The discipline layer for loop engineering — turn "iterate until it's right" into a verifiable protocol.
GoaLoop turns "iterate until the target is met" into a small, sharp
protocol on top of Claude Code. You write a goal.md that spells out
what "done" looks like and how to verify it. A small background
orchestrator then runs each attempt as a fresh claude -p Runner —
read context, verify, advance by one unit if needed, record — until the
verification passes or you stop it.
The framework is a lean Python package (goaloop: a claude -p adapter,
the attempt loop, and a run/status/stop/continue CLI) plus the
Claude Code skills and the Runner's system prompt. The orchestrator is
detached, so it keeps iterating even if you close the Claude Code session
that started it. On a Claude Code subscription, claude -p is
subscription-covered — no per-token API rates.

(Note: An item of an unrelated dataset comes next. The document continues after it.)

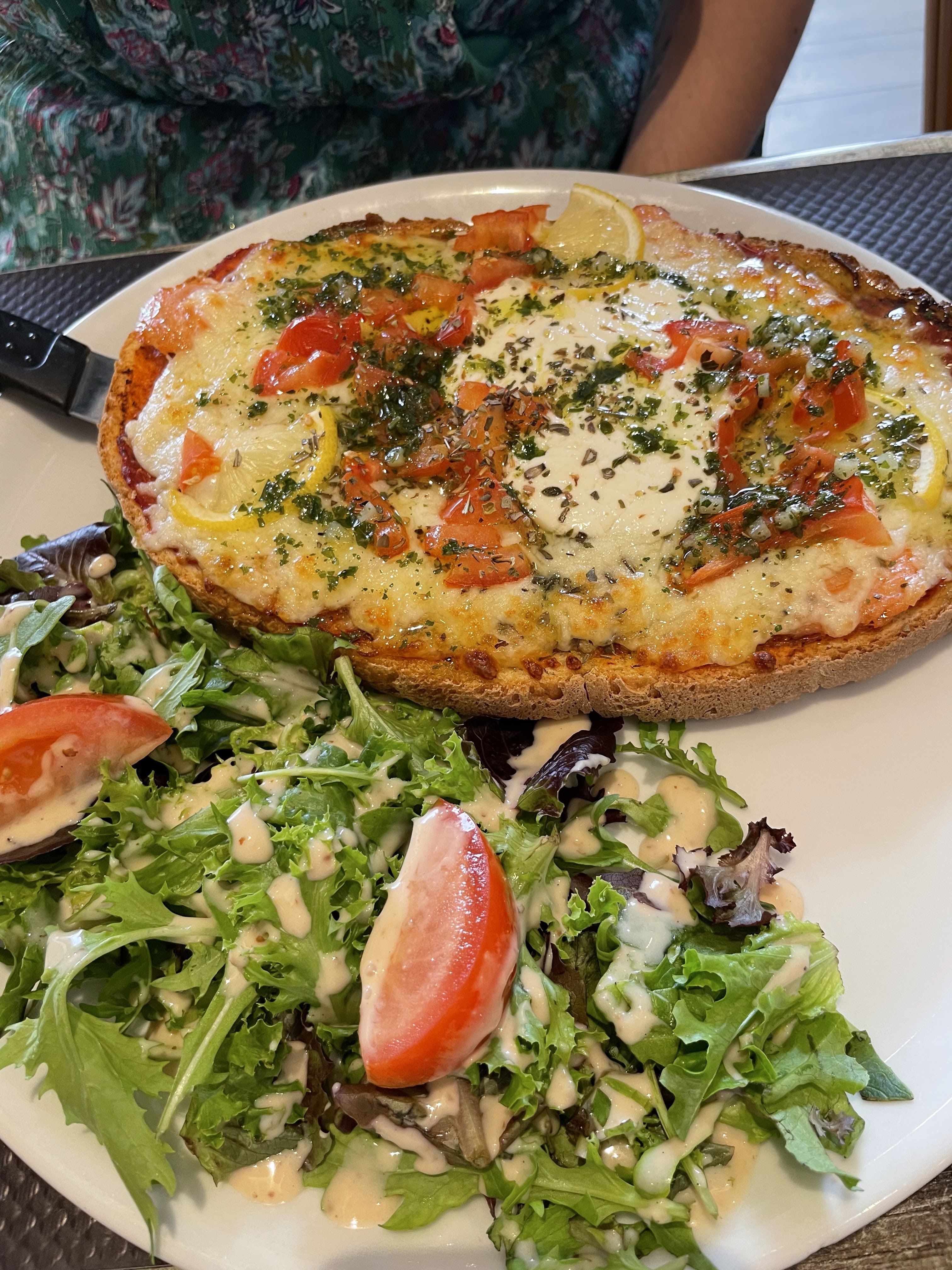 Des plats copieux et frais. Service et personnel très agréable avec une très belle vue. Je recommande sans aucun doute.

Many software engineering tasks share the same shape — define a target, iterate, verify, repeat:
- Performance optimization
- Flaky test reduction
- Build-time optimization
- ML hyperparameter or model tuning
- Writing iteration (until a rubric passes)
- Cost optimization
- Security hardening
Existing tools for this pattern tend to bake in domain assumptions like
"artifact = GitHub PR" and "isolation = git worktree". GoaLoop makes no
domain assumptions — your goal.md and its verification scripts carry
all the domain knowledge.
Writing a loop is trivial; making it trustworthy is not. The goal is for GoaLoop to be the foundational framework for loop engineering — the place where ad-hoc "keep trying until it works" scripts become an engineered protocol: goal-defined, independently verified, resumable, and safe to leave running unattended.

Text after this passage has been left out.